6.1 Sleeping sickness (HAT)

Early diagnosis of sleeping sickness (HAT) is essential for effective treatment, but conventional procedures, such as blood smears and lymph node aspirates, can be time-consuming, intrusive, and unreliable.

The lack of specificity in the early signs and symptoms of the disease makes a diagnosis even more challenging. Therefore, establishing the parasite’s existence in any body fluid is necessary for the diagnosis. Parasitaemia levels in T. b. gambiense are often low and varied. Because of this, trypomastigotes are challenging to find in standard blood smears. By using light microscopy to find the parasite in a lymph node aspirate (often from a posterior cervical node), a T. b. gambiense infection is typically diagnosed. Blood can be concentrated using many methods, such as microhematocrit centrifugation, mini-anion exchange centrifugation, and centrifugation followed by buffy coat inspection. Symptomatic T. b. rhodesiense patients frequently have detectable parasites in their blood, and parasitemia is typically higher than it is with T. b. gambiense. Aspirates from bone marrow or chancre fluid may also contain the parasite [38, 39, 40].

6.2 Chagas illness

  1. Serological tests: Serological testing, which looks for the presence of certain antibodies against Trypanosoma cruzi, is the most widely used technique for diagnosing Chagas disease. These tests include the indirect hemagglutination assay (IHA), the immunofluorescence assay (IFA), and the enzyme-linked immunosorbent assay (ELISA). Although very sensitive and specific, these tests are unable to distinguish between previous and present infections.

  2. Microscopical analysis: In this method, parasites are specifically identified from a sample of blood, tissue, or fluids. It is helpful during the disease’s acute phase, when there are a lot of parasites. Due to the low parasite counts, it is an unreliable approach for identifying persistent infections. It is important to remember that a complete medical history and physical examination, together with an evaluation of the patient’s exposure to insect vectors in endemic areas, should be done before the diagnostic tests are carried out. Serological tests are frequently employed in the ongoing treatment of patients and are typically the first-line diagnostic tests [38, 39, 40].

6.3 Recent advances

Here are a few recent developments in trypanosomiasis diagnosis:

  • RDTs (rapid diagnostic tests): One of the common methods used in the field for the first screening and diagnosis of T. b. gambiense HAT is the Card Agglutination Test for Trypanosomiasis (CATT). The CATT serodiagnostic test relies on the identification of anti-parasite antibodies in blood, plasma, or serum, whether the infection is acute or chronic. Despite being widely used and making a significant contribution to the control of HAT, the CATT test has a number of shortcomings. All of these elements prompted researchers to look for fresh serological techniques (such as tests based on antibodies or antigens).
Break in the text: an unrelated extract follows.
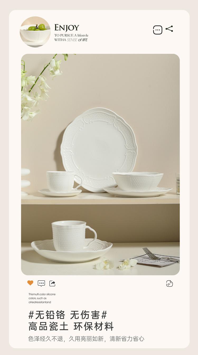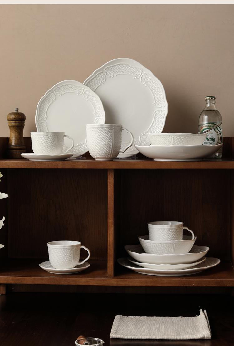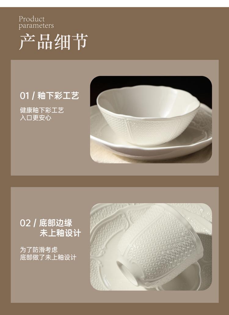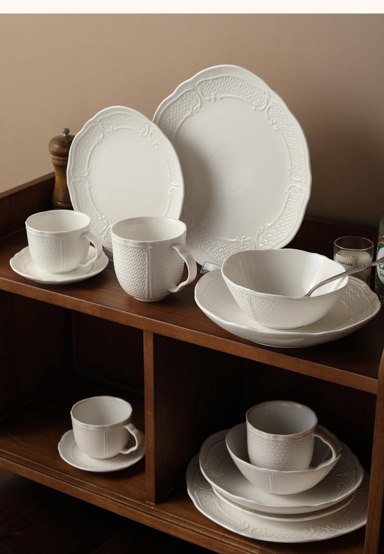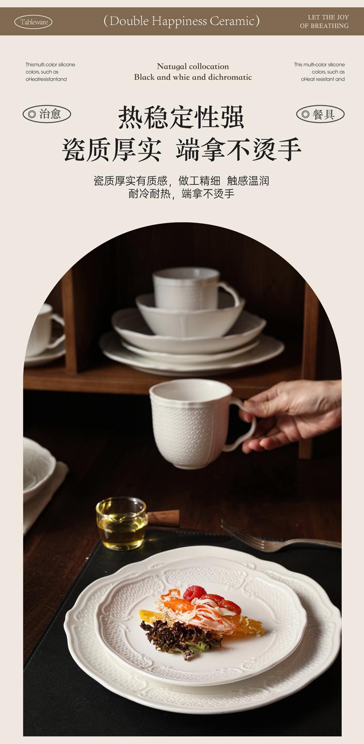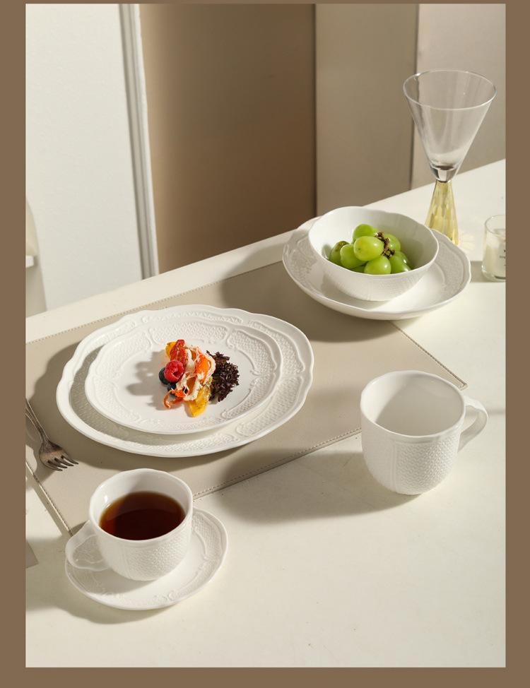 Juego de vajilla en relieve de alto valor, platos de cerámica, hotel, restaurante, tazón para fideos, tazón para ensalada, plato hondo, plato para comida occidental francesa
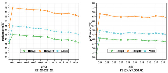 The results show that performance drops significantly when w/o s and w/o i are used because structure and image modalities typically provide rich semantic information about entities. As shown in Table 1, the image coverage rate of the DB15K dataset is significantly higher than that of YAGO15K (with a difference of approximately 27%). This discrepancy leads to FB15K-DB15K exhibiting stronger dependency on the visual modality compared to FB15K-YAGO15K. Ablation studies demonstrate that removing either the visual modality features or the vision-guided negative sampling mechanism notably degrades the model’s performance. The structure modality reflects hierarchical structures and relationships between entities, while the image modality usually contains detailed descriptions related to the entities, such as the color and the relative position. Removing these two modalities results in a significant loss of contextual information. When st-att is removed, the model assigns equal weight to each modality, failing to effectively capture the relative importance and differences among the modalities and leading to performance fluctuations. When cr-att is removed, the model may ignore the complementarity and correlation between the text and image modalities, reducing its expressive power. When mlf is removed, using simple concatenation to fuse modality features, the model’s MRR drops by about 5%, indicating that the model fails to learn the interactions and relative importance between modalities, thus not effectively utilizing the different modality information. Without vgns, the model uses TransE to learn relationship embeddings. Although the final performance is better than removing the relational modality altogether, the model still fails to effectively capture the sample differences introduced by entity heterogeneity. This results in greater independence between the positive and negative samples, introducing noise into the relationship embedding process and reducing the quality of negative samples and relationship embeddings.

A number of rapid diagnostic tests (RDTs) for HAT have been created and released in the field recently in an effort to alleviate this predicament. Rapid diagnostic tests can find antibodies or antigens in the serum or blood of the infected person and are inexpensive, straightforward, and field-friendly. The lateral flow immunochromatographic assays (LFIAs), which are based on the detection of target analytes (in this case, antibodies) contained in a liquid sample (i.e., bodily fluids), are the most notable among the RDTs. These tests can deliver precise answers in under 30 min, making it simpler for medical professionals to diagnose the illness in far-off locations without the use of expensive laboratory apparatus. However, none of the antibody-based diagnostics are effective at determining whether an infection is present or past or at carrying out follow-up procedures after treatment. Ag-based tests, on the other hand, do remove this drawback and significantly enhance HAT diagnosis [40, 41, 42, 43]. These typically have reduced sensitivity (depending on the amount of antigens in the blood), but frequently exhibit significantly superior PPV (positive predictive value) as compared to Ab-based tests. Nevertheless, modern detection innovations like nanobodies can overcome this problem. Despite this, there is presently no Ag-test for HAT 43–46.
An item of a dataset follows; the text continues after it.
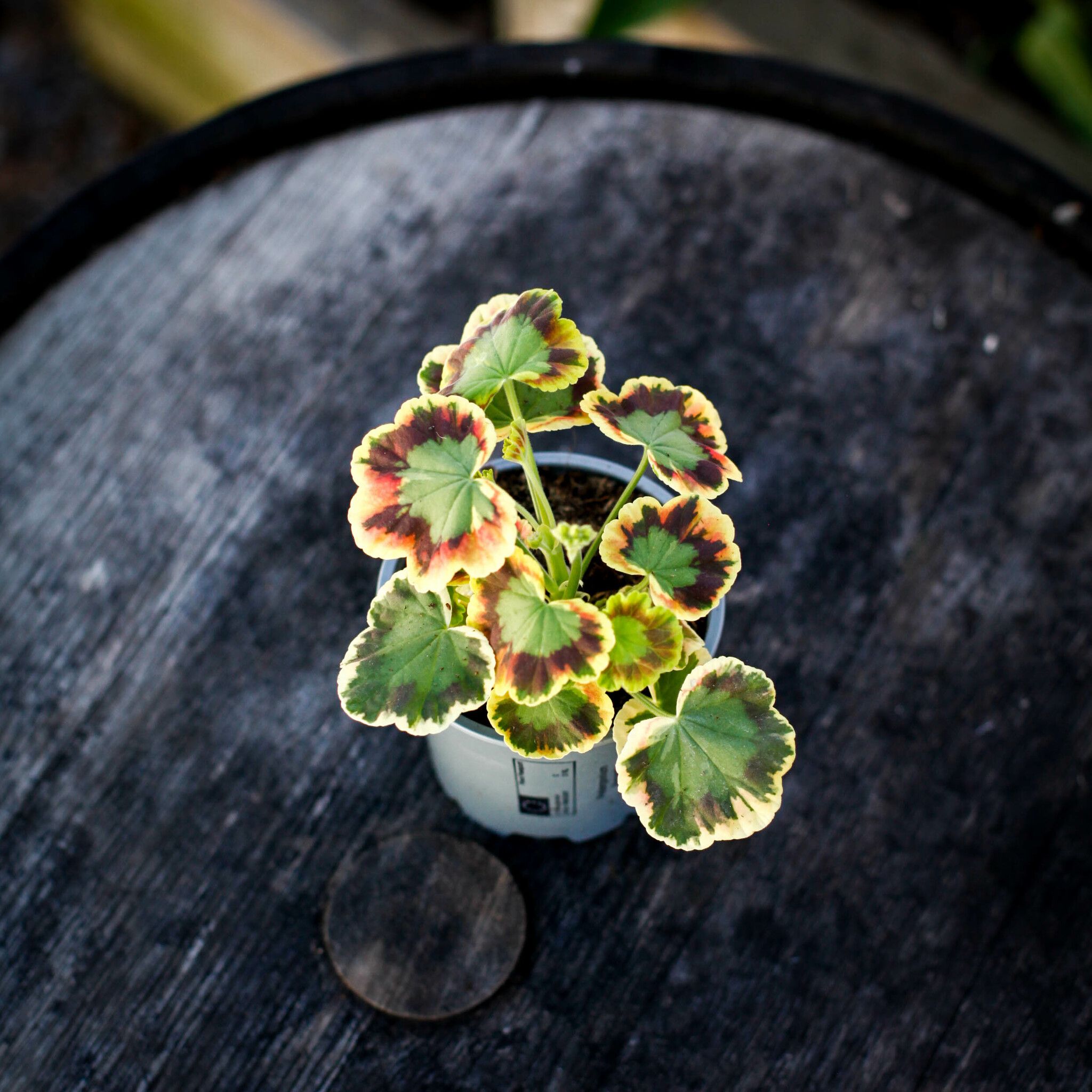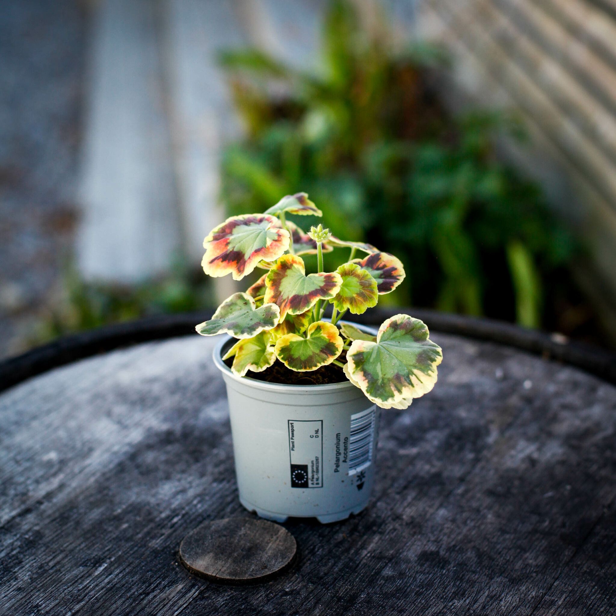 Pelargonium 'Contrast' - Zonalpelargon: En färgstark och elegant pelargon med röda blommor och trefärgade blad. Perfekt för både inomhus och utomhus.

  • Loop-mediated isothermal amplification (LAMP): An effective and sensitive molecular diagnostic method called LAMP makes it possible to detect Trypanosoma parasites in blood samples by rapidly amplifying DNA. Recent research has demonstrated the viability and precision of LAMP in the diagnosis of trypanosomiasis, with results that are even quicker than those from conventional tests like PCR (polymerase chain reaction). Its primary property is the isothermal nature of the reaction, which only needs a basic, inexpensive heat source (such as a portable heat block or a water bath) to maintain a single constant temperature. Similar to PCR, LAMP is a highly sensitive and specific method (mean values of 90 and 95%, respectively). Although its reaction time is quicker, it typically takes 60 min to produce the maximum amplification products, whereas only 30 min are needed to produce a visible signal [41, 42, 43, 44].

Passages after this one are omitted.